Data items
== Segment start ==

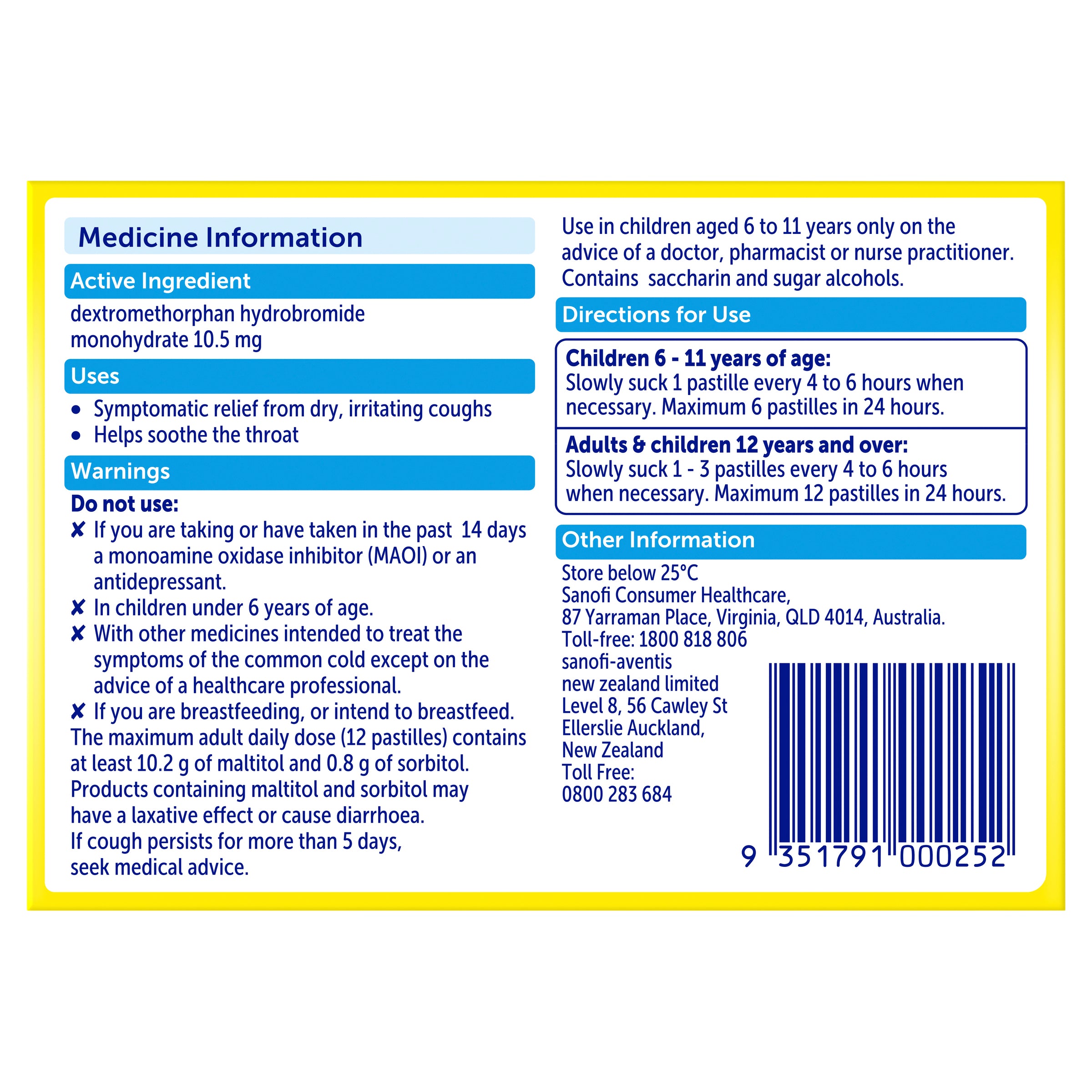 Each 5ml contains dextromethorphan hydrobromide 10.5mg
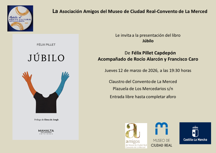 El Claustro del Convento de La Merced de Ciudad Real será el escenario el próximo jueves 12 de marzo de 2026, a las 19:30 horas, de la presentación del libro Júbilo, obra de Pillet Capdepón.
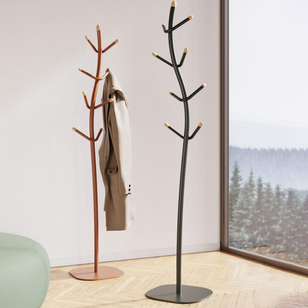 Spring este un salt catre natura. Structura sinuoasa si fluida a acestui suport pentru haine, realizat din otel tubular, evoca cresterea spontana a unei plante.
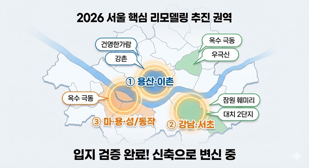 아래 이미지는 2026년 서울의 주요 리모델링 추진 권역 3곳(①용산·이촌, ②강남·서초, ③마·용·성/동작)을 지도 위에 표시한 인포그래픽입니다. 각 권역별로 건영한가람, 잠원 훼미리, 옥수 극동 등 대표적인 알짜 단지명을 말풍선으로 명시하여, 핵심 투자처를 직관적으로 보여줍니다.
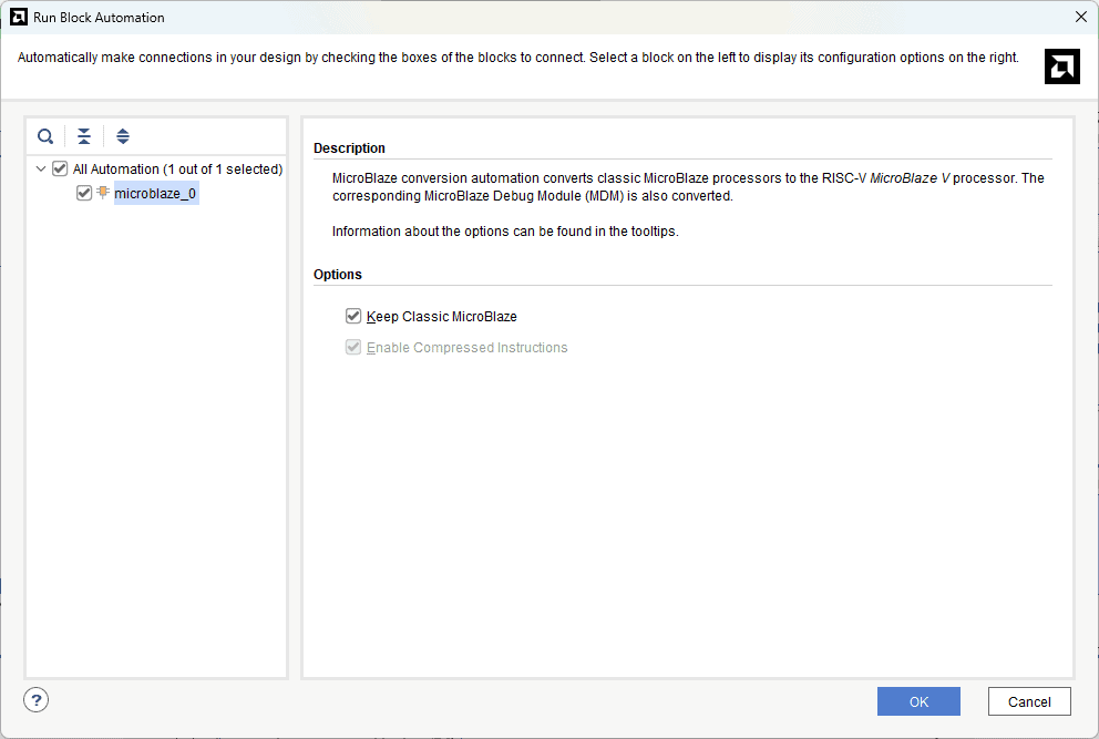 Click “OK” for Vivado to automatically configure the blocks for you. In Vivado 2024.1 after clicking on “OK” a window will appear, here you need to select “Keep Classic MicroBlaze” and then click OK to use Microblaze.
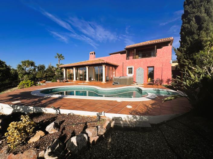 Folding doors open into a beautifully bright and airy sunroom, featuring double glazing and sliding doors. These lead onto a meticulously maintained terrace, which provides impressive views of the pool, garden, and adjacent golf course. There is a hot tub to enjoy leisurely moments after a round of golf. The property comprises four bedrooms, including two with ensuite facilities, as well as a family bathroom and an additional washroom.
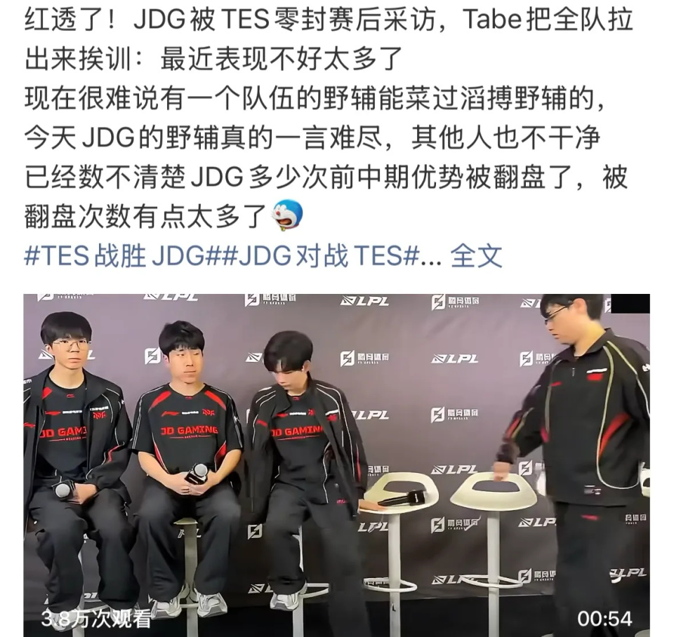 JDG一亿投资阵容翻车,Tabe采访红温,曝红米语音零介入
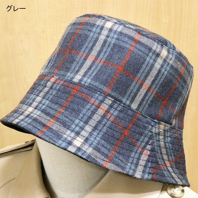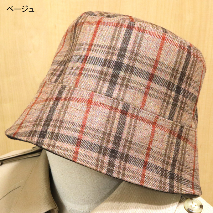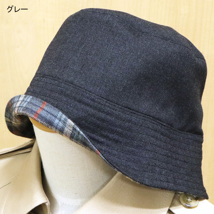 今回仲間入りしたのは、手で触れられる部分はすべてウール製のため 寒さから頭を守ってくれるバケットハットです! 製作の際には、つばの全体に渡るステッチをはじめ、 あちこちに難関があったそうで、 縫製スタッフさんの努力と技術の結晶となっています。
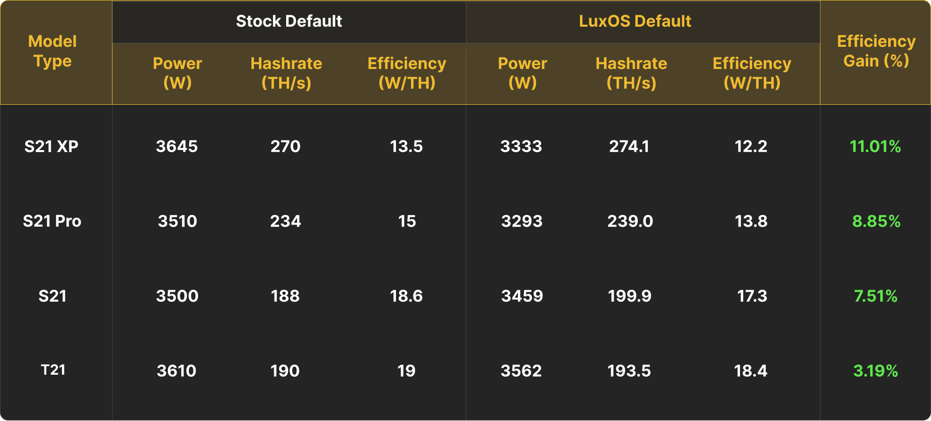 LuxOS Increases efficiency by over 18% on the S21 Pro and 15% on the S21 XP.
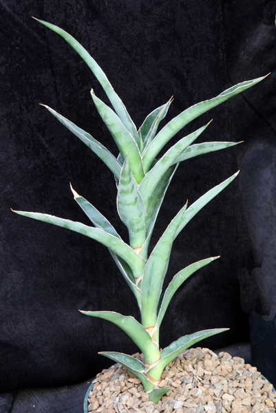 These plants are propagated from material originally collected near Tarasaa, Kenya (Bhitala 1021). Sansevieria arborescens is, as the epithet implies, one of the arborescent species of this genus. These plants have stiff, dark-green leaves that are darker and longer than S. ascendens var. bhwirei (Bhitala 1017) and stiff unlike S. dumetescens. These plants are rooted offsets in 8-inch pots.
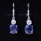 Explore the stunning blend of sophistication and modern design with our Lab Created Sapphire Hoop Earrings, embodying the true essence of luxury. Featuring AAAA Quality Lab Blue Sapphire and D-VS1 Quality Moissanite, these earrings showcase exceptional brilliance and a captivating interplay of light. Made with 14K White Gold Plated Silver, these Dangle Drop Earrings are adorned with an 8X10 MM oval shaped lab created blue sapphire, complemented by the dazzling sparkle of round brilliant cut moissanite. The enchanting shimmer of these Silver Sapphire Earrings is bound to leave a lasting impression. Enjoy the fashionable style and secure fit of the leverback design, which is sure to attract attention and ignite conversations wherever you wear them.
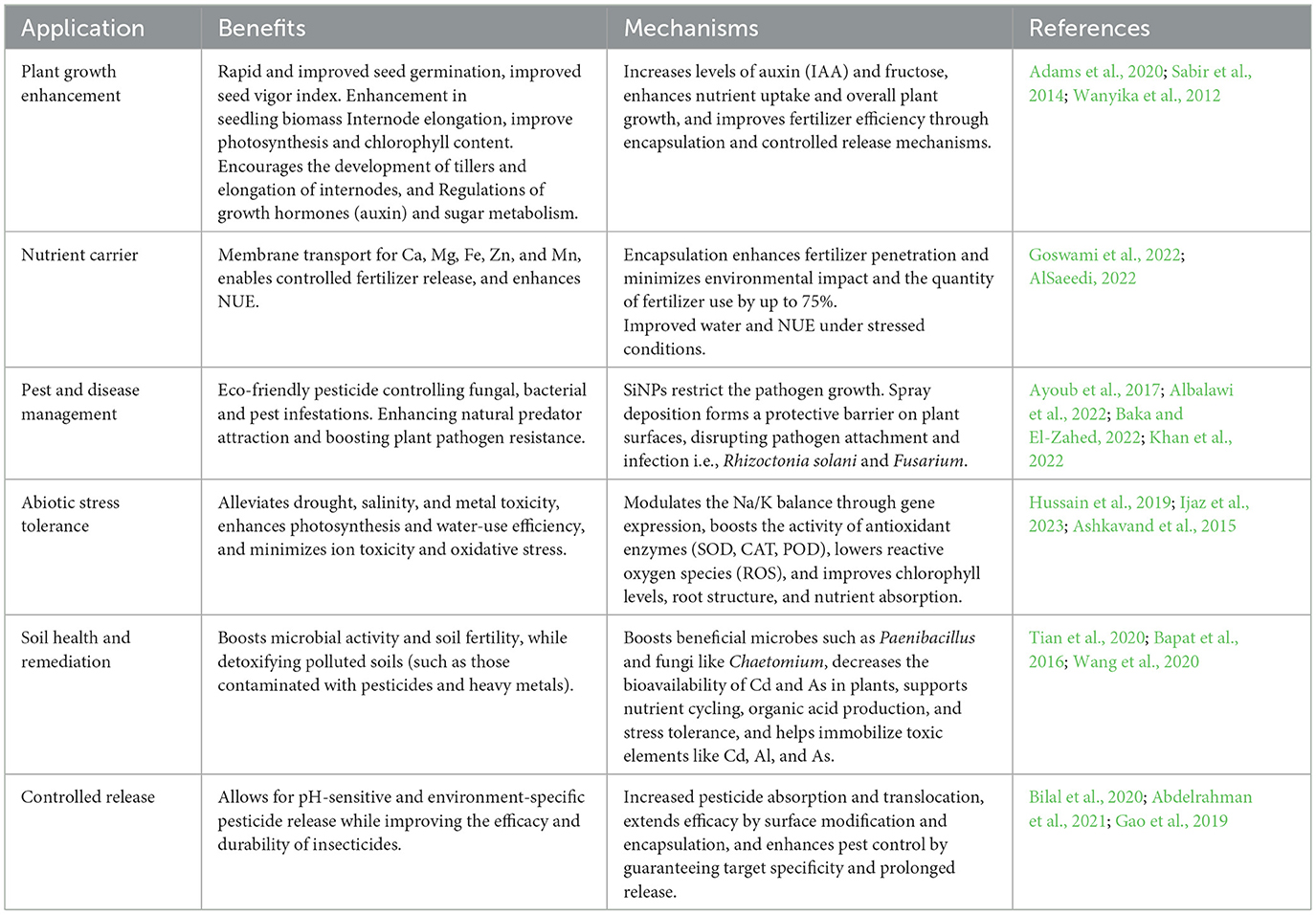 Moreover, SiNPs have the ability to penetrate plant cells efficiently (Verma et al., 2021). These nanoparticles have demonstrated the potential to improve various plant functions, such as growth, photosynthesis, nutrient absorption, water use efficiency, and stress resilience in crops like rice, wheat, tomato, and lettuce (Verma et al., 2021; David et al., 2024). This stability ensures their efficacy in soils with varying pH levels and prevents the premature breakdown of encapsulated materials. Their thermal and mechanical stability further enhances their suitability for agriculture, as SiNPs can maintain structural integrity under extreme temperatures and mechanical stress (Ma et al., 2010; Tripathi et al., 2017). These combined properties make SiNPs robust and reliable tool for improving agricultural efficiency, even in challenging environments.

== Segment end ==

What you will do -
Write every entry out again exactly, dropping the pictures.

Exercise response -
 Each 5ml contains dextromethorphan hydrobromide 10.5mg
 El Claustro del Convento de La Merced de Ciudad Real será el escenario el próximo jueves 12 de marzo de 2026, a las 19:30 horas, de la presentación del libro Júbilo, obra de Pillet Capdepón.
 Spring este un salt catre natura. Structura sinuoasa si fluida a acestui suport pentru haine, realizat din otel tubular, evoca cresterea spontana a unei plante.
 아래 이미지는 2026년 서울의 주요 리모델링 추진 권역 3곳(①용산·이촌, ②강남·서초, ③마·용·성/동작)을 지도 위에 표시한 인포그래픽입니다. 각 권역별로 건영한가람, 잠원 훼미리, 옥수 극동 등 대표적인 알짜 단지명을 말풍선으로 명시하여, 핵심 투자처를 직관적으로 보여줍니다.
 Click “OK” for Vivado to automatically configure the blocks for you. In Vivado 2024.1 after clicking on “OK” a window will appear, here you need to select “Keep Classic MicroBlaze” and then click OK to use Microblaze.
 Folding doors open into a beautifully bright and airy sunroom, featuring double glazing and sliding doors. These lead onto a meticulously maintained terrace, which provides impressive views of the pool, garden, and adjacent golf course. There is a hot tub to enjoy leisurely moments after a round of golf. The property comprises four bedrooms, including two with ensuite facilities, as well as a family bathroom and an additional washroom.
 JDG一亿投资阵容翻车,Tabe采访红温,曝红米语音零介入
 今回仲間入りしたのは、手で触れられる部分はすべてウール製のため 寒さから頭を守ってくれるバケットハットです! 製作の際には、つばの全体に渡るステッチをはじめ、 あちこちに難関があったそうで、 縫製スタッフさんの努力と技術の結晶となっています。
 LuxOS Increases efficiency by over 18% on the S21 Pro and 15% on the S21 XP.
 These plants are propagated from material originally collected near Tarasaa, Kenya (Bhitala 1021). Sansevieria arborescens is, as the epithet implies, one of the arborescent species of this genus. These plants have stiff, dark-green leaves that are darker and longer than S. ascendens var. bhwirei (Bhitala 1017) and stiff unlike S. dumetescens. These plants are rooted offsets in 8-inch pots.
 Explore the stunning blend of sophistication and modern design with our Lab Created Sapphire Hoop Earrings, embodying the true essence of luxury. Featuring AAAA Quality Lab Blue Sapphire and D-VS1 Quality Moissanite, these earrings showcase exceptional brilliance and a captivating interplay of light. Made with 14K White Gold Plated Silver, these Dangle Drop Earrings are adorned with an 8X10 MM oval shaped lab created blue sapphire, complemented by the dazzling sparkle of round brilliant cut moissanite. The enchanting shimmer of these Silver Sapphire Earrings is bound to leave a lasting impression. Enjoy the fashionable style and secure fit of the leverback design, which is sure to attract attention and ignite conversations wherever you wear them.
 Moreover, SiNPs have the ability to penetrate plant cells efficiently (Verma et al., 2021). These nanoparticles have demonstrated the potential to improve various plant functions, such as growth, photosynthesis, nutrient absorption, water use efficiency, and stress resilience in crops like rice, wheat, tomato, and lettuce (Verma et al., 2021; David et al., 2024). This stability ensures their efficacy in soils with varying pH levels and prevents the premature breakdown of encapsulated materials. Their thermal and mechanical stability further enhances their suitability for agriculture, as SiNPs can maintain structural integrity under extreme temperatures and mechanical stress (Ma et al., 2010; Tripathi et al., 2017). These combined properties make SiNPs robust and reliable tool for improving agricultural efficiency, even in challenging environments.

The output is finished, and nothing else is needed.